Below is a listing; print exactly its lines from the one containing "Born in 1979" down to the one containing "Torebka damska shopperka", both inclusive, with every picture left out.

---------- SUPPLIED INFORMATION

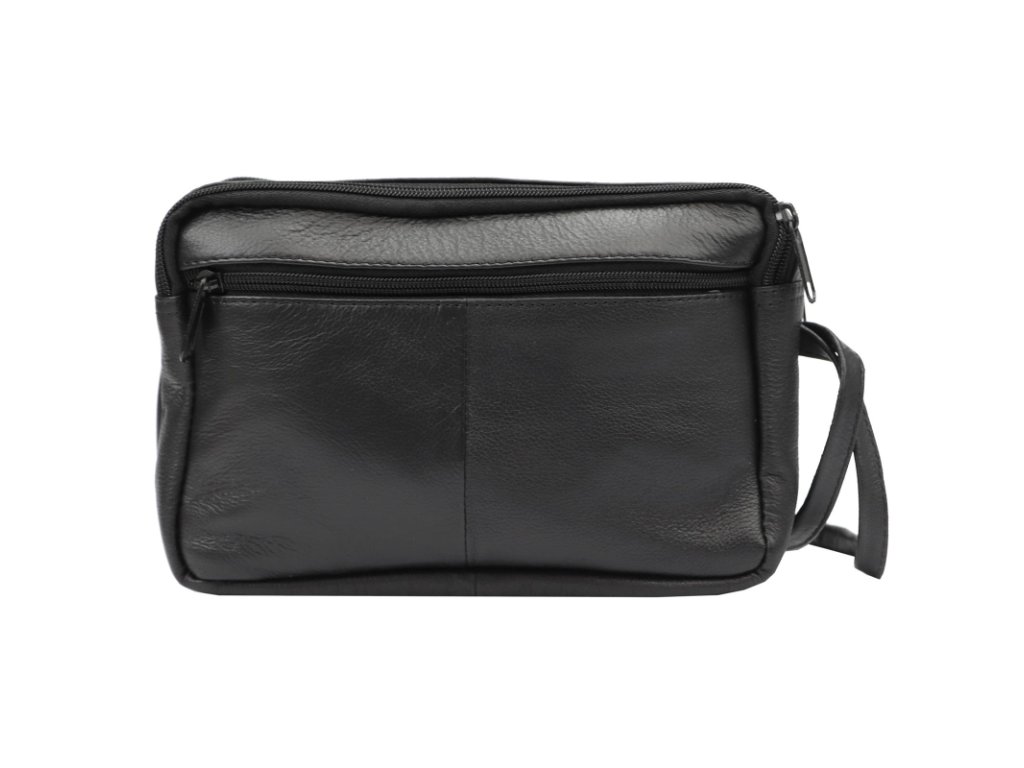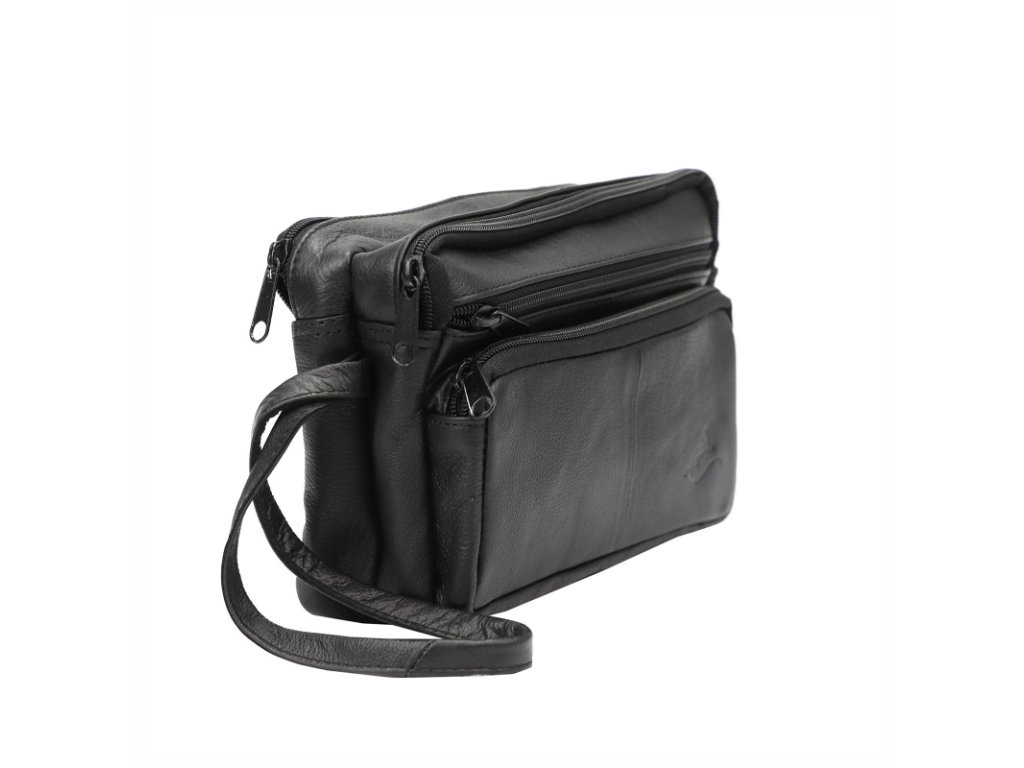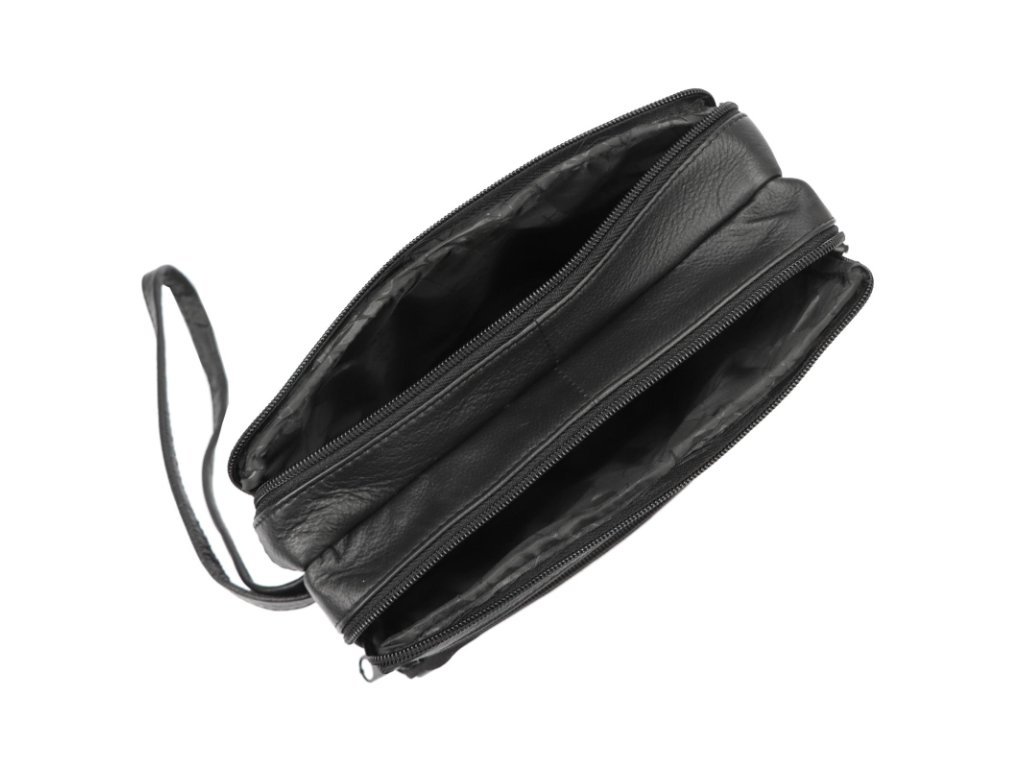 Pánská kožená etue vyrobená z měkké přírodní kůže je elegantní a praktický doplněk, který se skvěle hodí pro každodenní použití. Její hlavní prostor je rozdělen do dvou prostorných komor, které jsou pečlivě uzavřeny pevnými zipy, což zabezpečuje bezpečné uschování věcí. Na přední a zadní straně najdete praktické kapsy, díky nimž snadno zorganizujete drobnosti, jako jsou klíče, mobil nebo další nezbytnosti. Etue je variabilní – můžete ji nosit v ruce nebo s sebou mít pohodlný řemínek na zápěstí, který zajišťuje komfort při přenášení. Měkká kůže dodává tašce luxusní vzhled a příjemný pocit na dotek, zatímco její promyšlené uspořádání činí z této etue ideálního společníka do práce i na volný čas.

--------------------
---------- SUPPLIED INFORMATION

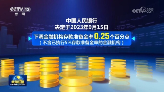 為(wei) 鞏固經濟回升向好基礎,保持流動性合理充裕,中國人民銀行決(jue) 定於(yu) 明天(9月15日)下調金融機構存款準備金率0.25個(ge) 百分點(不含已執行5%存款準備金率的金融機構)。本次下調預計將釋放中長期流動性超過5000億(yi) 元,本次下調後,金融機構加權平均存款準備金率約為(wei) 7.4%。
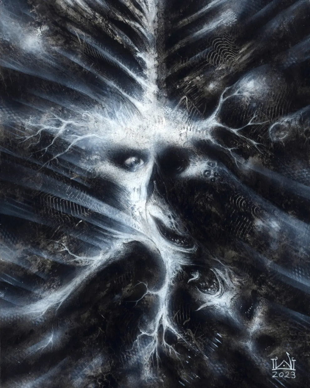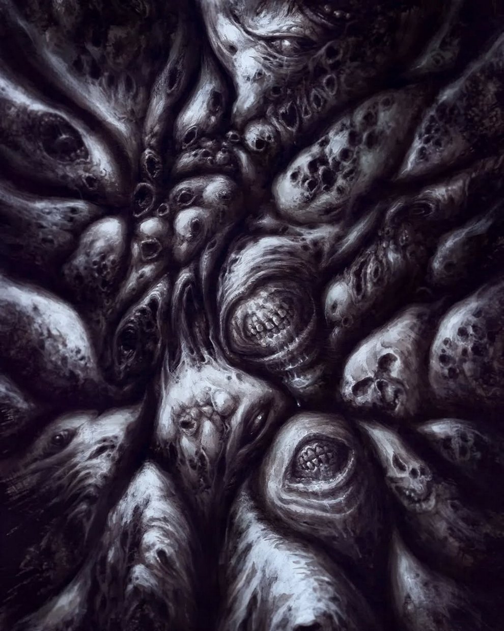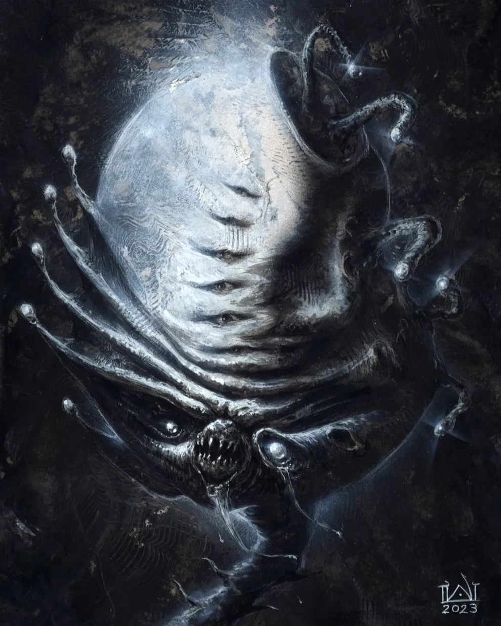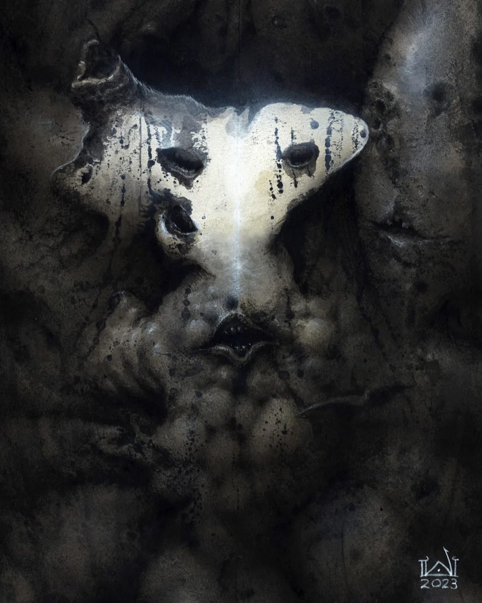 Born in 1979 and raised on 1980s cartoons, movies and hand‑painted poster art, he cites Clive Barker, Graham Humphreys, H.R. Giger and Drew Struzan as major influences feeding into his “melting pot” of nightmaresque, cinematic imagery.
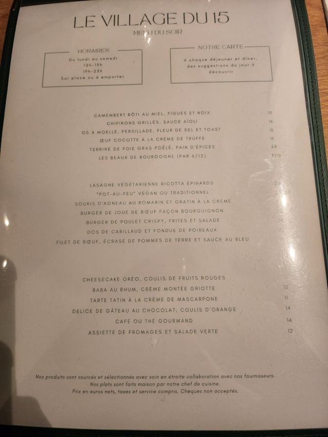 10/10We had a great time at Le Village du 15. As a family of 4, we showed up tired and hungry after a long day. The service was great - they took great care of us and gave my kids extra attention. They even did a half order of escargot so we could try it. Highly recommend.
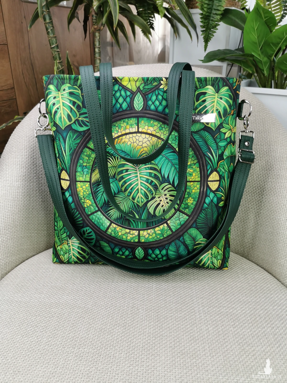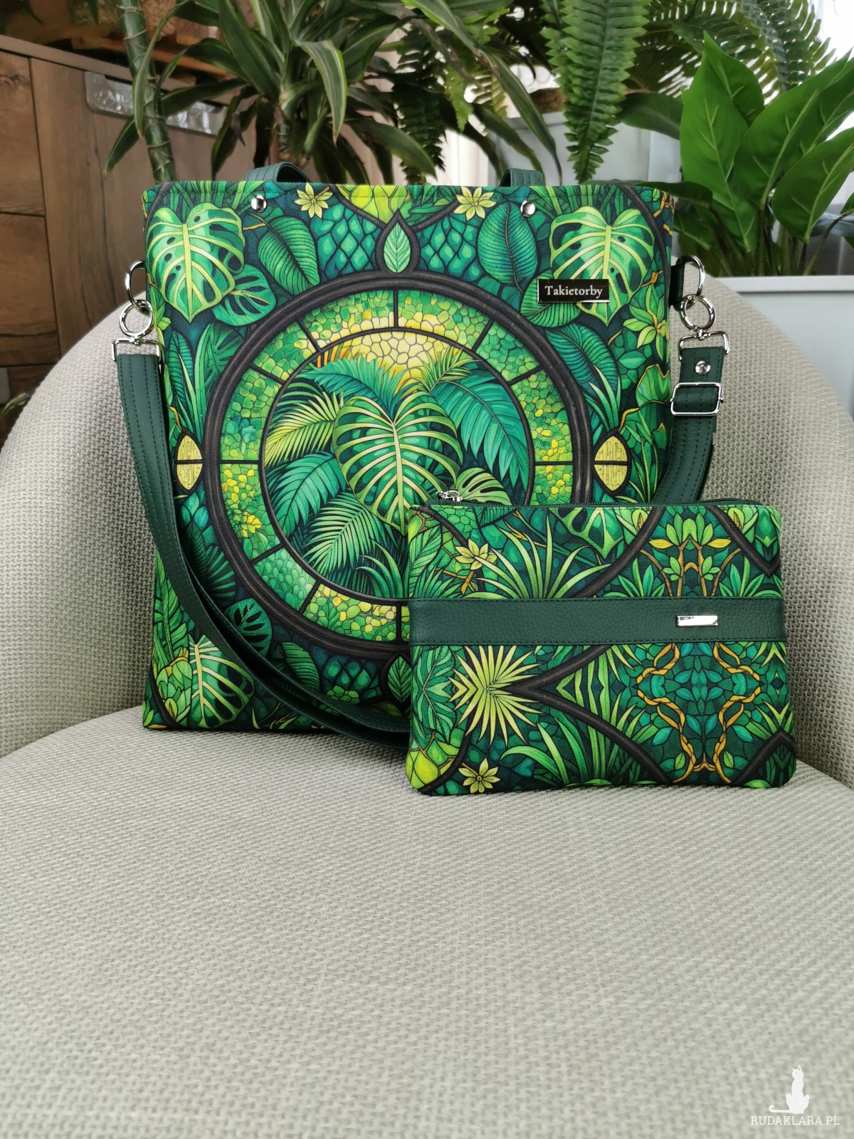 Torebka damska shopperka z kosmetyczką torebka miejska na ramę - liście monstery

--------------------

* WRITTEN SOLUTION
 Born in 1979 and raised on 1980s cartoons, movies and hand‑painted poster art, he cites Clive Barker, Graham Humphreys, H.R. Giger and Drew Struzan as major influences feeding into his “melting pot” of nightmaresque, cinematic imagery.
 10/10We had a great time at Le Village du 15. As a family of 4, we showed up tired and hungry after a long day. The service was great - they took great care of us and gave my kids extra attention. They even did a half order of escargot so we could try it. Highly recommend.
 Torebka damska shopperka z kosmetyczką torebka miejska na ramę - liście monstery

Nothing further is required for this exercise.